(Beginning of MATERIAL SUPPLIED)

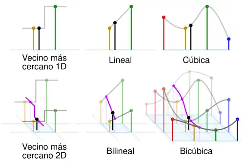 Comparación de la interpolación bicúbica con algunas interpolaciones unidimensionales y bidimensionales. Los colores Negro y Rojo/Amarillo/Verde/Azul corresponden al punto interpolado y a las muestras vecinas, respectivamente. Sus alturas sobre la referencia horizontal corresponden a sus valores
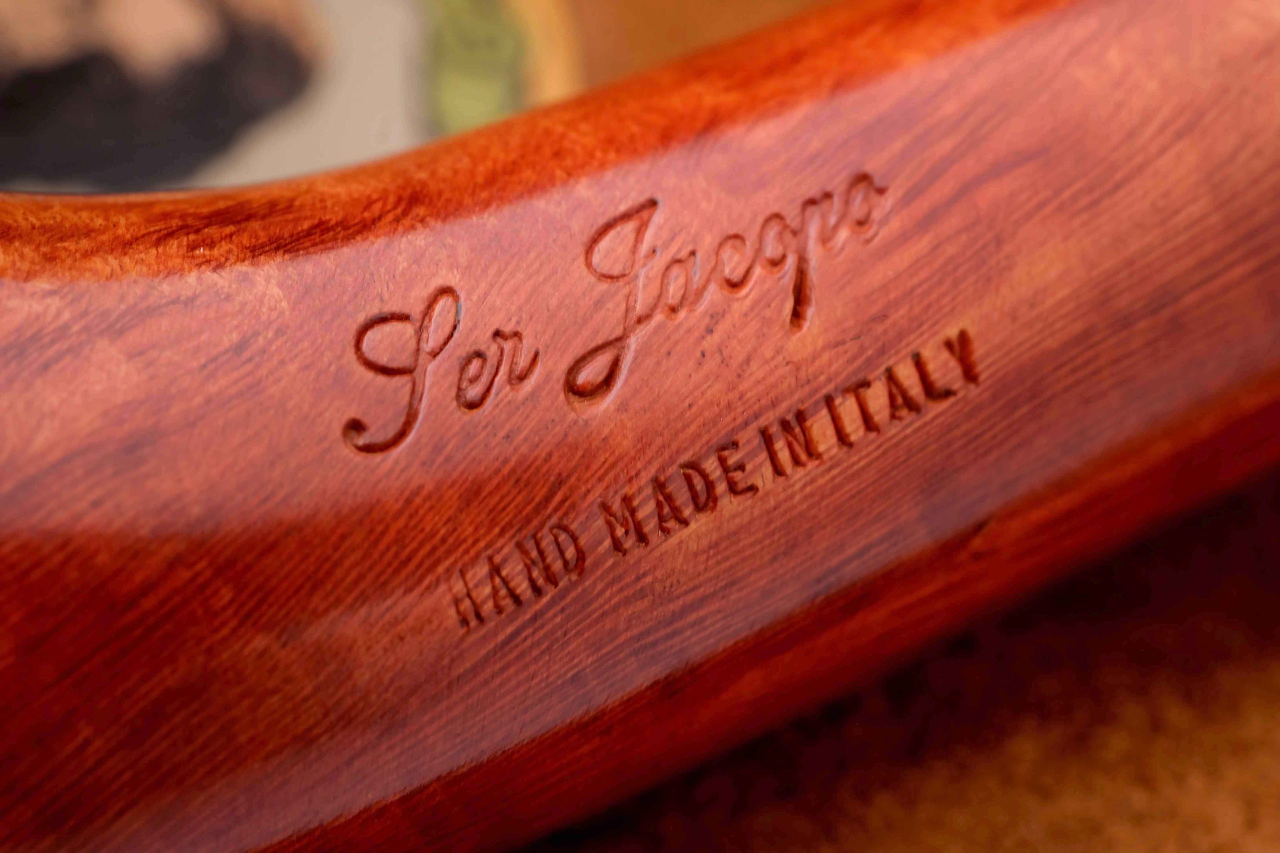 На трубке выбит девиз La Fuma fiche tira («Дымится пока курится», ит.), маркировки: Ser Jacopo, Hand made in Italy
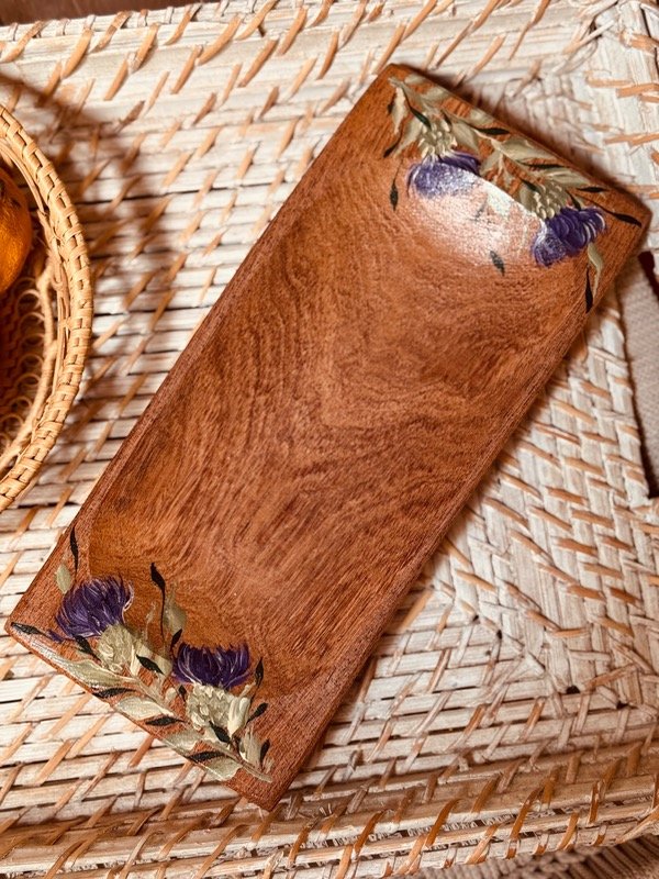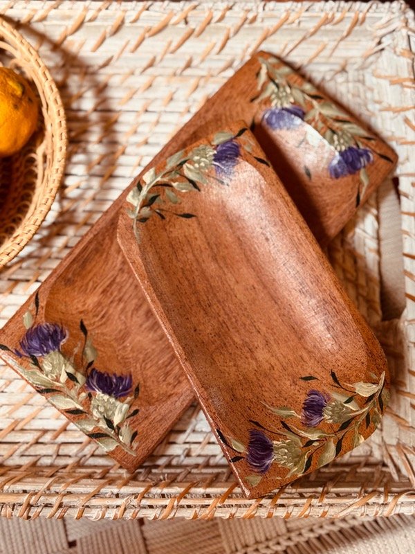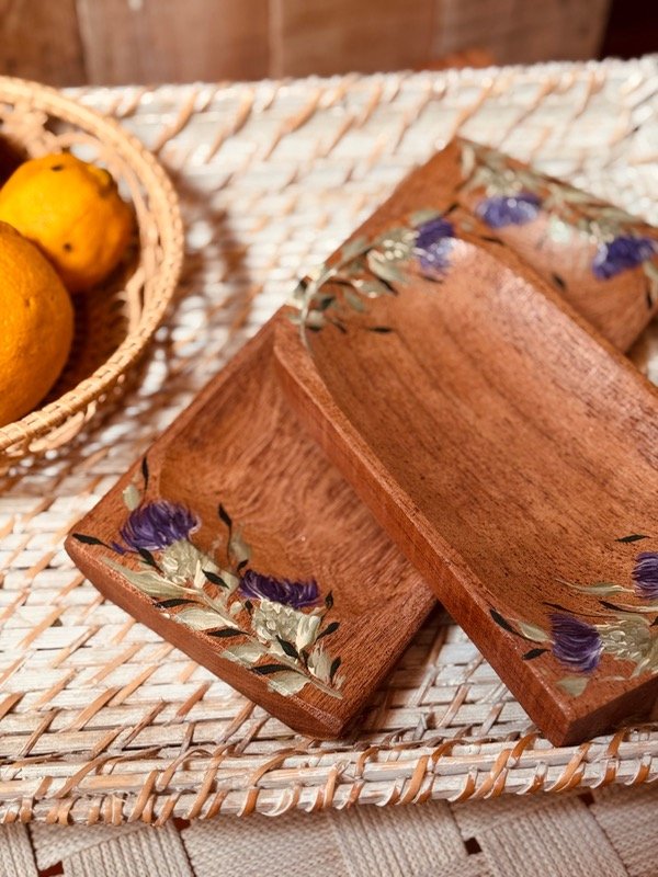 Tesoros rústicos y cálidos, hechos a mano en madera de algarrobo. Su tamaño justo las hace perfectas para acompañar mates, servir algo rico o usarlas como altar personal.
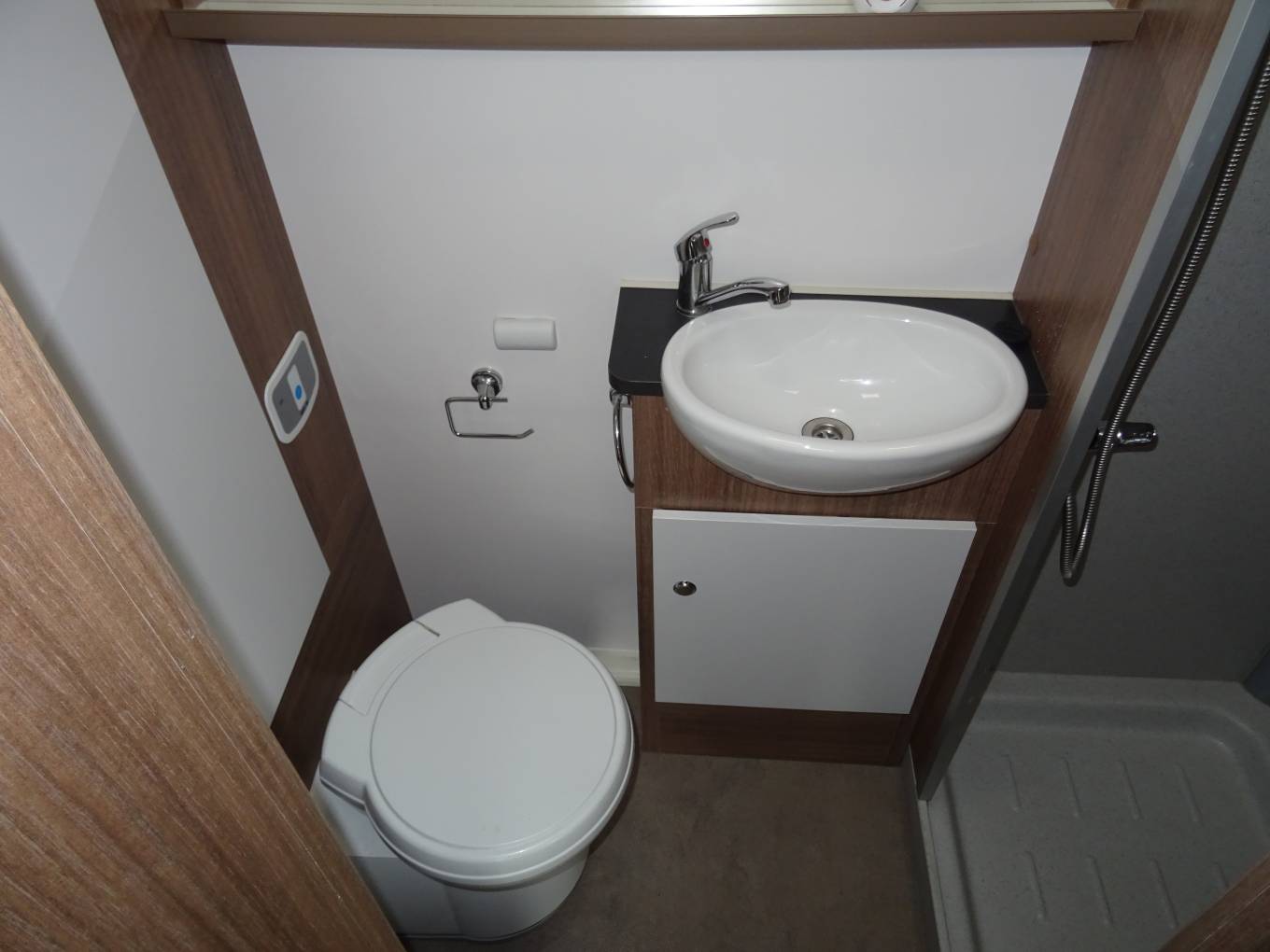 toilet, sink, separate shower and mirrors. This is a light & airy motorhome
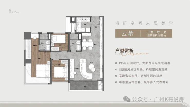 云筑上品规划了5栋住宅,为了采光最大化,所有楼栋都是采用蝶式塔楼的设计,新规后的项目,所以户型使用率方面都超过100%。
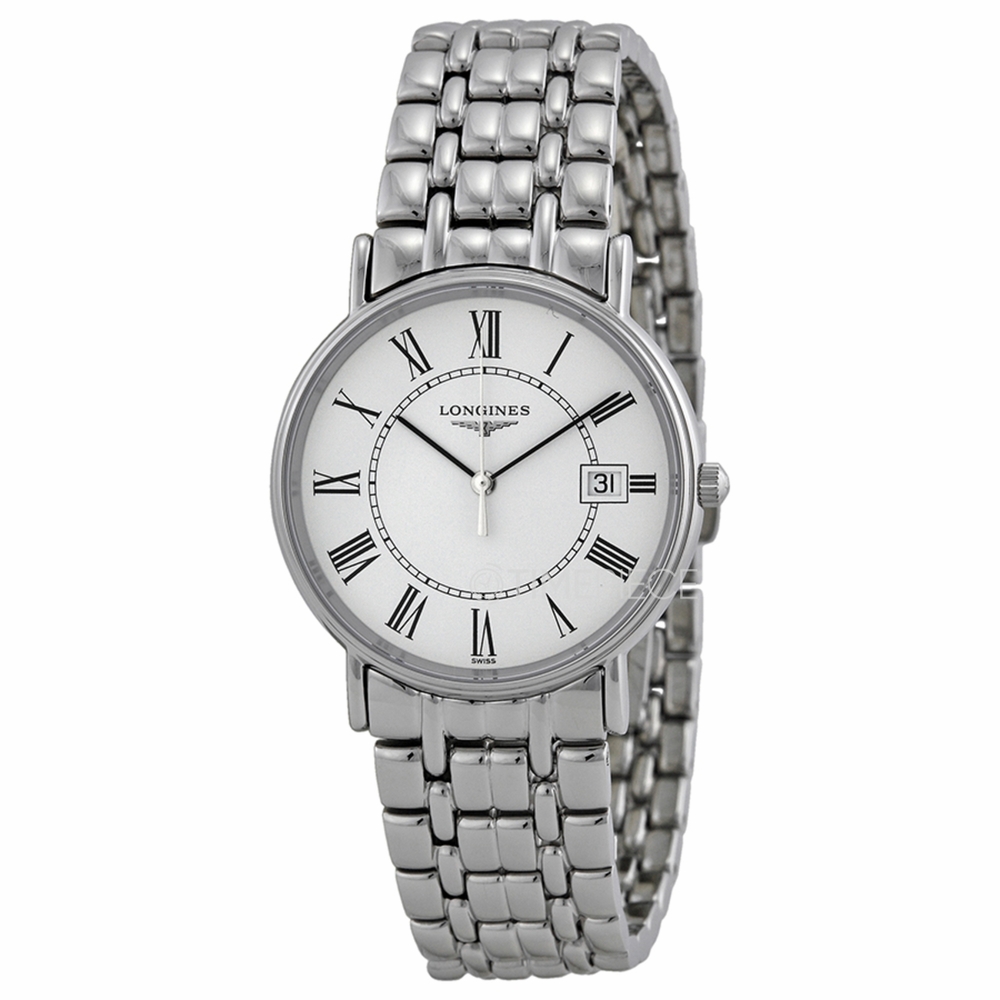 Stainless steel case with a stainless steel bracelet. Fixed stainless steel bezel. White dial with black hands and Roman numeral hour markers. Minute markers around the outer rim. Dial Type: Analog. Date displays at the 3 o'clock position. Quartz movement. Scratch resistant sapphire crystal. Pull / push crown. Solid case back. Case diameter: 32 mm. Round case shape. Band length: 8 inches. Hidden folding clasp. Water resistant at 30 meters / 100 feet. Functions: date, hour, minute, second. Casual watch style. Watch label: Swiss. Item Variations: L4 720 4 11 6, L4-720-4-11-6, L4/720/4/11/6, L47204116. Longines La Grande Classique Presence Mens Watch L47204116.

(End of MATERIAL SUPPLIED)

→ EXERCISE BRIEF: Retype the data exactly; images stay out.

→ TASK RESPONSE:
 Comparación de la interpolación bicúbica con algunas interpolaciones unidimensionales y bidimensionales. Los colores Negro y Rojo/Amarillo/Verde/Azul corresponden al punto interpolado y a las muestras vecinas, respectivamente. Sus alturas sobre la referencia horizontal corresponden a sus valores
 На трубке выбит девиз La Fuma fiche tira («Дымится пока курится», ит.), маркировки: Ser Jacopo, Hand made in Italy
 Tesoros rústicos y cálidos, hechos a mano en madera de algarrobo. Su tamaño justo las hace perfectas para acompañar mates, servir algo rico o usarlas como altar personal.
 toilet, sink, separate shower and mirrors. This is a light & airy motorhome
 云筑上品规划了5栋住宅,为了采光最大化,所有楼栋都是采用蝶式塔楼的设计,新规后的项目,所以户型使用率方面都超过100%。
 Stainless steel case with a stainless steel bracelet. Fixed stainless steel bezel. White dial with black hands and Roman numeral hour markers. Minute markers around the outer rim. Dial Type: Analog. Date displays at the 3 o'clock position. Quartz movement. Scratch resistant sapphire crystal. Pull / push crown. Solid case back. Case diameter: 32 mm. Round case shape. Band length: 8 inches. Hidden folding clasp. Water resistant at 30 meters / 100 feet. Functions: date, hour, minute, second. Casual watch style. Watch label: Swiss. Item Variations: L4 720 4 11 6, L4-720-4-11-6, L4/720/4/11/6, L47204116. Longines La Grande Classique Presence Mens Watch L47204116.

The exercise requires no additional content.